アラスに行けば、何とかなる。と、思って、アンドレ夫妻に同行して、馬車の旅人となったが、ジェルメーヌは、不安になってきた。マジで、顔見知りのいない土地である。
見ず知らずでも、公爵家の血筋と言えば、1年前までは、それ相当のもてなしを受けた。だが、今では、貴族というだけで迫害、もしくは、殺される時代だ。
しかし、彼女には、生きなければならなかった。
その辺でのたれ死ぬこと程、恐ろしいものはなかった。
実際パリで、迫害された貴族。殺され晒し者になっている貴族を見た。

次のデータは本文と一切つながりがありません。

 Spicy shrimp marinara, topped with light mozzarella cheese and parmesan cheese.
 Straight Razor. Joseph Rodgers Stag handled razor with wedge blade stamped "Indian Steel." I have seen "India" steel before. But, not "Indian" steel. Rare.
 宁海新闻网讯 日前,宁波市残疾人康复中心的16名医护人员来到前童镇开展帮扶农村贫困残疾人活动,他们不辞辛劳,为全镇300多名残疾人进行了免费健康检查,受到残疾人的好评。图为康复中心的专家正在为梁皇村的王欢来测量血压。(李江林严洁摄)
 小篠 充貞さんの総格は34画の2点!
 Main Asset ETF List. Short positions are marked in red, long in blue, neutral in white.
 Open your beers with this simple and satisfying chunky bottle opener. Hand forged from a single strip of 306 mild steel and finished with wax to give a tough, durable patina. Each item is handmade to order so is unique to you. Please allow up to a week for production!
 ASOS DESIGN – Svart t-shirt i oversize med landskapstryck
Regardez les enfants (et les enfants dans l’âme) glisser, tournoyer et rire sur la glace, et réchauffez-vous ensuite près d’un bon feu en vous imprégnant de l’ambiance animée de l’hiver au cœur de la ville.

それで、貴族であるが平民並みの暮らしをしていたアランが、自分を見つめているのに気づき、彼の下宿に潜り込んだ。
が、ソワソン家の暮らしは、想像とはかなりかけ離れたものだった。
下宿屋とは、名ばかり。寝床は、あるが、食料がない。
偶然、アランの母が、市場でほとんど売り物にならない野菜、肉を譲って貰ってくるくらいだった。
他の下宿人達は、それでも不平も不満も言わずに、すきっ腹を抱えて黙っている。
ジェルメーヌが、不思議に思っていると、彼等は皆、国民衛兵隊に属していて、日勤では、昼食を、夜勤になると、夕食と朝食を食べる事ができていた。
つまり、彼等は一日一食は、口にしていたのである。
そして何より、皆、出された食事を少しずつ、持ち帰り、世話をしてくれるアランの母親の為に渡していた。

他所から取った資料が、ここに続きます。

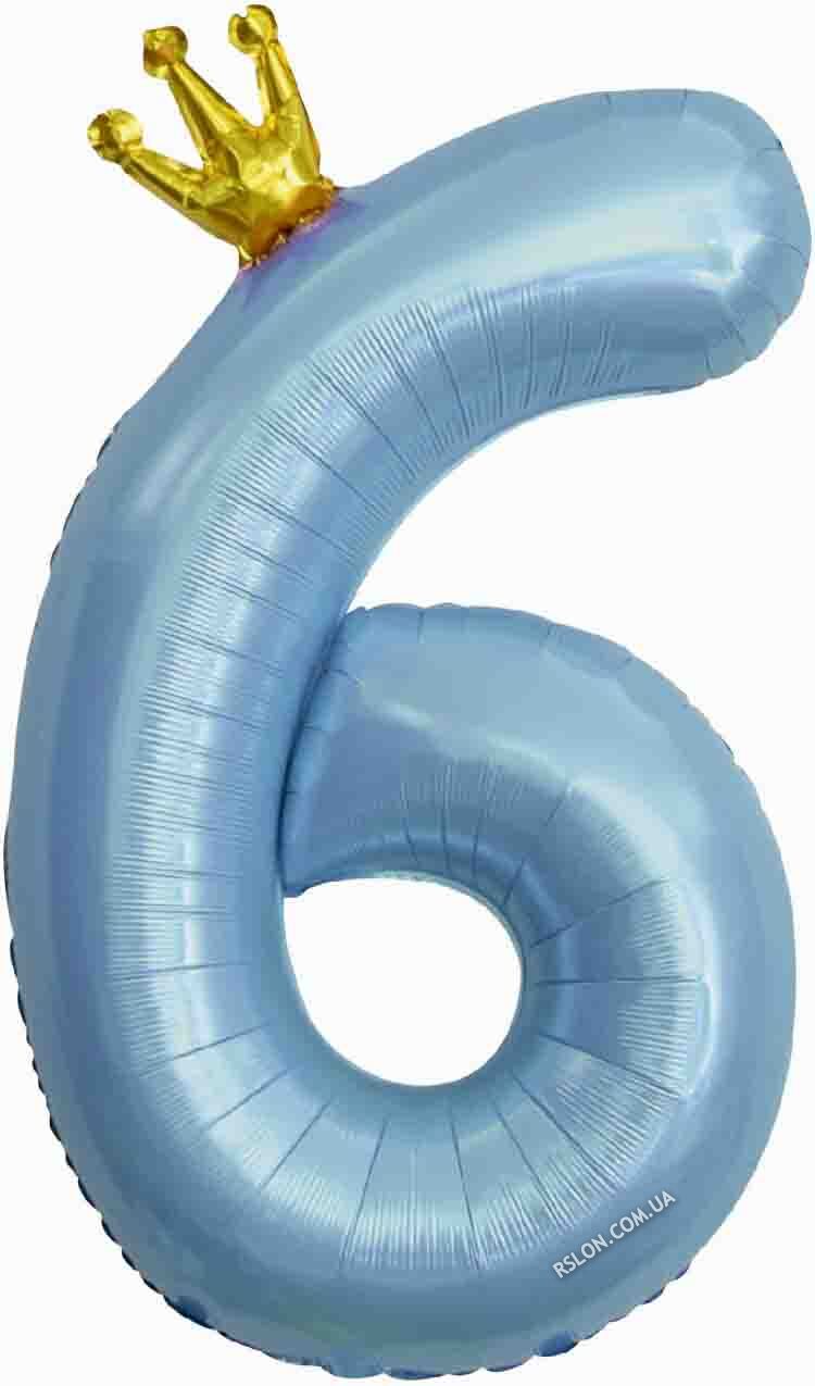 Фольгированная цифра с Короной "6". Цвет: Голубой. Размер: 42"(105см.)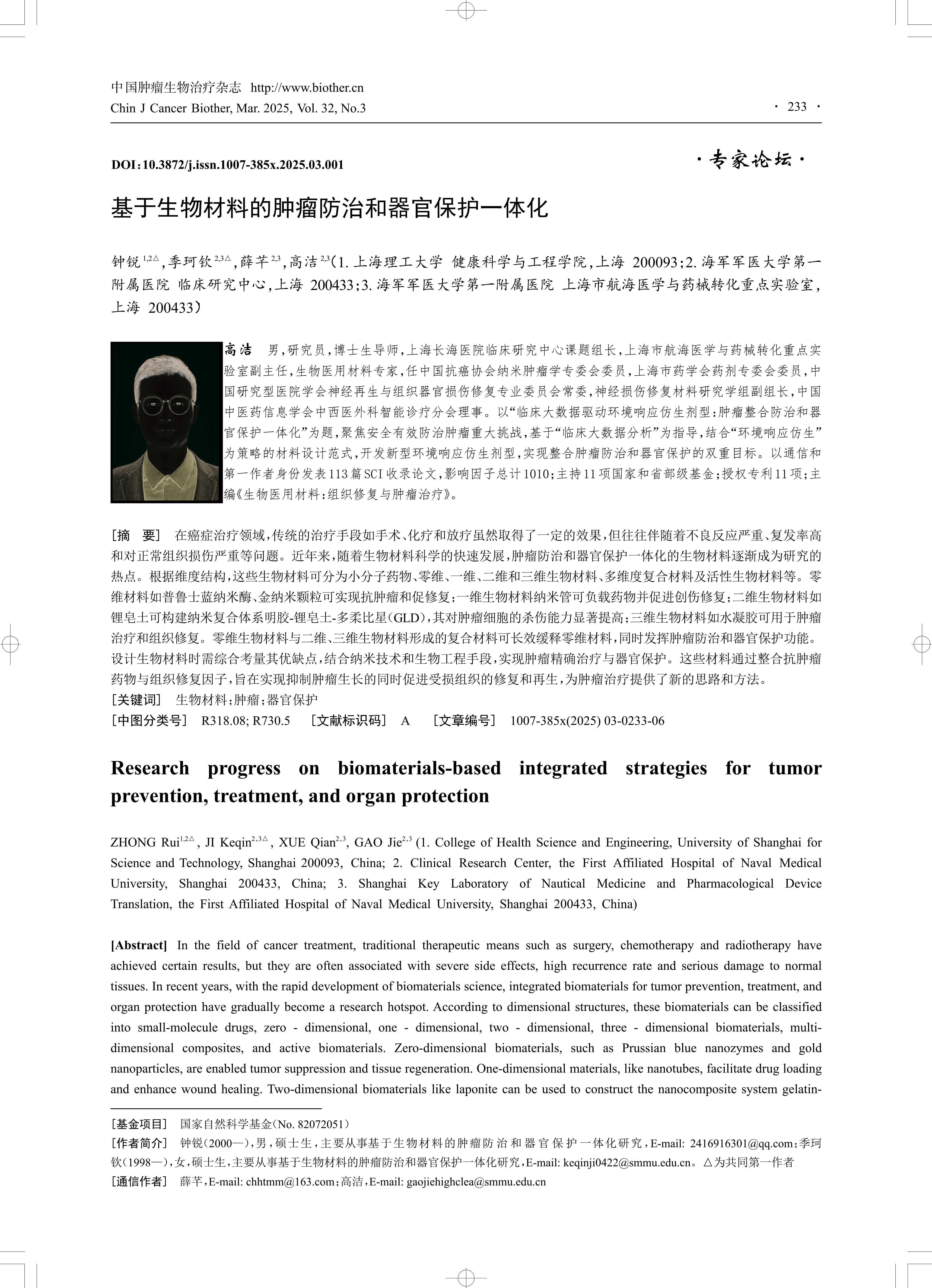 [Abstract] In the field of cancer treatment, traditional therapeutic means such as surgery, chemotherapy and radiotherapy have achieved certain results, but they are often associated with severe side effects, high recurrence rate and serious damage to normal tissues. In recent years, with the rapid development of biomaterials science, integrated biomaterials for tumor prevention, treatment, and organ protection have gradually become a research hotspot. According to dimensional structures, these biomaterials can be classified into small-molecule drugs, zero - dimensional, one - dimensional, two - dimensional, three - dimensional biomaterials, multi dimensional composites, and active biomaterials. Zero-dimensional biomaterials, such as Prussian blue nanozymes and gold nanoparticles, are enabled tumor suppression and tissue regeneration. One-dimensional materials, like nanotubes, facilitate drug loading and enhance wound healing. Two-dimensional biomaterials like laponite can be used to construct the nanocomposite system gelatin laponite-doxorubicin (GLD), which significantly enhances the killing ability against tumor cells. Three-dimensional biomaterials, such as hydrogels, are applicable for tumor therapy and tissue repair. Composites formed by zero - dimensional materials and two - or three - dimensional biomaterials can achieve long - term slow release of zero - dimensional biomaterials and simultaneously play the functions of tumor prevention and treatment and organ protection. When designing biomaterials, it is critical to holistically evaluate their strengths and limitations, leveraging nanotechnology and bioengineering strategies to achieve precise tumor targeting and organ preservation. By integrating anti-tumor drugs and tissue repair factors, these materials aim to achieve inhibition of tumor growth while promoting repair and regeneration of damaged tissues, providing new ideas and methods for tumor treatment.

そんな訳で、ジェルメーヌには、大して食料が回って来なかったのである。
やはり、自分は伯父のところに行くべきなのだろか?
しかし、いまさら、オスカルに頼むのも癪に障った。
ふと、目の前の衣装ケースに、目が行った。
そっと近寄って、馭者台にいる2人に気づかれないように開けてみた。
子ども用の、洋服、オモチャ、本が、いっぱい入っていた。
確か、昨日アンドレが、パリに必要な物を買いに行った。と、聞いていた。
しかし、彼女が歩いていたパリで、この様な新品で高級とは言えないが、それなりの物を見た事がなかった。
もしかして・・・と、考えた。
アンドレは、思っていた以上に、生活力があるのではないだろうか。
しぶといのではないだろうか?
そうだ、いつ来るとも知れないオスカルを待って、あの、ヴェルサイユの下町でずっと独りで待っていたのだ。

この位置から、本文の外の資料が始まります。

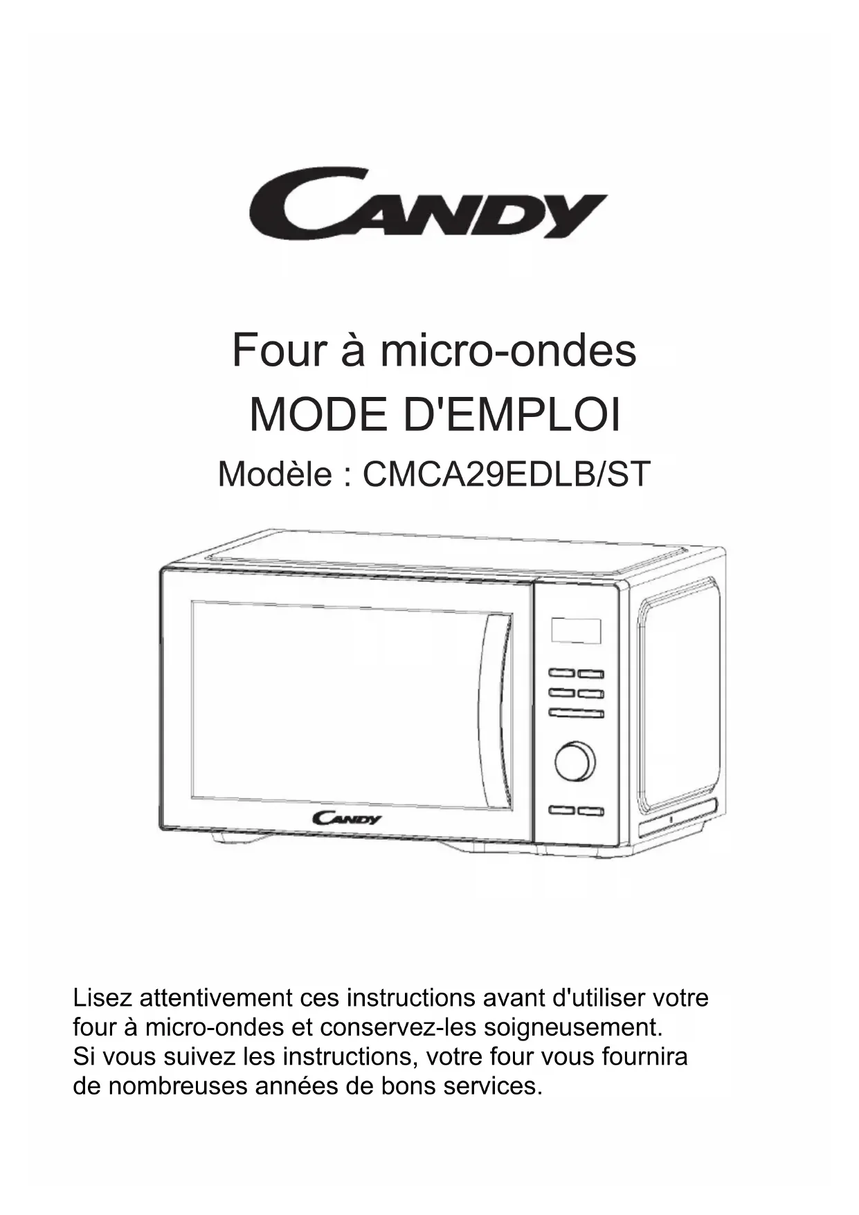 CMCA29EDLBST - Micro-ondes CANDY - Notice d'utilisation et mode d'emploi gratuit

そして今、あのオスカルと、2人の子どもを育てて、養っていこうと考えているらしい。
それに、アンドレは、オスカルに決してひもじい思いをさせないだろう。
そして、子ども達には、それなりの教育を受けさせるつもりだろう。
アンドレじゃダメだろうか?
アンドレと、共に生活するのが、相応しいのではないだろうか?
アンドレは、平民だけれどずっと貴族のお屋敷で、オスカルと一緒に育ったのよね!
だから、品もいいし、イイモノ・・・高級品も、高級な食べ物も知っているわ。
その上、使用人として、お屋敷の仕事もこなしてきたから、家事全般に長けている!
これ以上、この時代に望めるオトコがいるかしら、ジェルメーヌ?
彼女は、自分に問いかけた。
いないわよねぇ!決めたわ!
オスカル?・・・え!もしかして、昨夜の様子。
彼女の宣戦布告だったのかしら?
そうでなければ、彼女があんな事するわけないわ。
やるじゃあないの。
でも、貴女には実家があるわ。
私には、何もないのよ!
それに、アランと一緒になるって、手もあるわよ。
アランとベッドにいた時、一度だけ『オスカル』って言ったのを覚えているわ。
ふ〜、私って、よくよく、オスカルの代わりになるのね。
どこがいいのかしら?男として育てられて、軍人で・・・ホント、見た目も男じゃないの。
ふふふ!アンドレ・・・昔、付き合った時は、何とも思わなかったけど、知り合っておいて良かったわ。
あとは、お邪魔虫ね!アンドレしか知らない、お嬢ちゃま!
ちょろいわ!
子供たちひっくるめて、ジャルジェ家にお戻りになればいいのよ!
見ていなさい!ジェルメールさまの、手練手管を・・・
ほほほほほ・・・。
2人の女の想いを乗せて、馬車は軽快・・・たまにぬかるみに入ったり、裏街道を入ったりしたが、とにかく走っていた。
そして、男は全く何にも気づかずに、のんきに、未来予想図を描いていた。